The society we live in describes a hero as a man who is pursuing freedom. He wishes, above all else to be free. Free from norms, free from financial bindings, free from the opinion others have of him and free from the demands of the life he’s bound to live. He aims to attain that freedom by being successful. The world is somewhat generalized, but you get what I mean.
If he’s successful, he’ll have enough to spend; he can disregard the opinions of others without any ensuing criticism. If he’s free from the societal norms, he can be a hippie or a scientist working day and night in his lab and come up with the most groundbreaking discovery. In this society, a man is an agent of change, looking to be free from the petty demands of this life so he can be the hero he was meant to be.

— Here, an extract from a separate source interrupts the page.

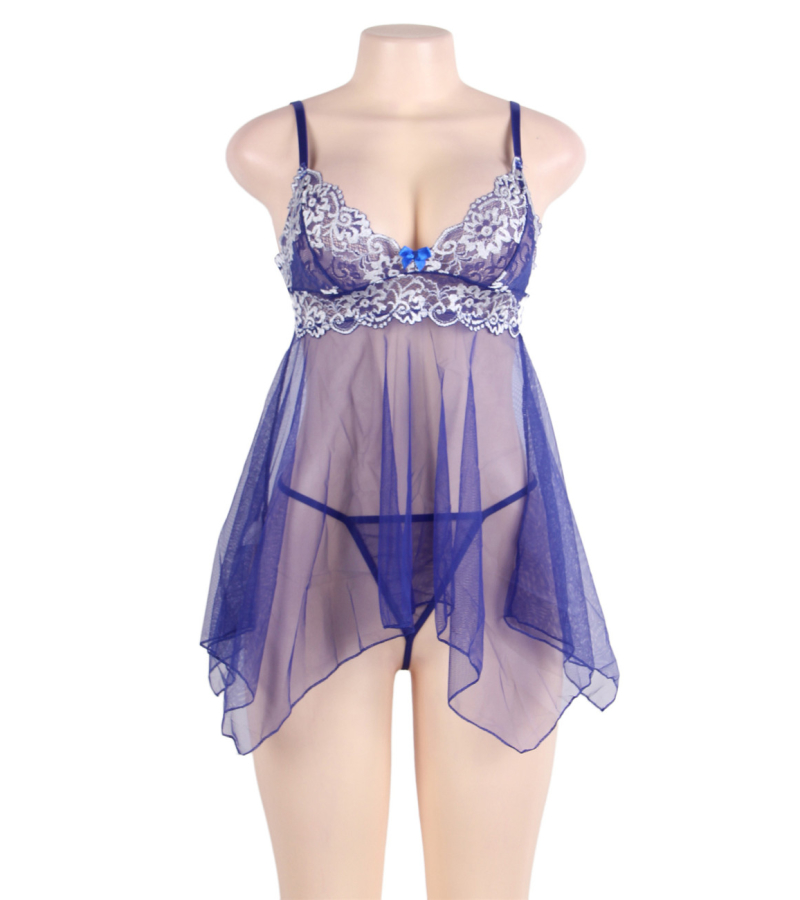 Avec son décolleté échancré qui dévoile une superbe dentelle brodée blanche et violette, cette nuisette transparente laisse arborer une poitrine voluptueuse et délicieusement galbée. Un petit nœud bleu est positionné entre la poitrine, ce qui ne manquera pas d’attirer l’attention de votre homme. Le voile transparent qui descend sur votre corps révèle vos formes et met tous vos atouts en évidence.

The same society perceives the institution of marriage very differently for both men and women. A man can only be someone’s hero if he’s free from the vows he’s made to his betrothed. He needs to be free to be able to do all that the world can demand of him. The woman, however, is a heroine only when she can bind a man to herself. Curtail his freedom. Disrupt his journey towards being a hero.
So, essentially, we see men aiming to be free from the bond of holy matrimony, whereas women are forever looking to be married.
However, the question that follows these ideals is one that demands some thought, at the very least. What becomes of the man when he’s removed from the husband?
Does the man sacrifice his destiny to be a hero after he’s married? And are all men reduced to be just like all other husbands?
A popular cliché terms divorce as a natural way of ‘recycling husbands’ as if it’s a valid argument that men are nothing when they’re husbands. They need to be recycled after undergoing the process of divorce.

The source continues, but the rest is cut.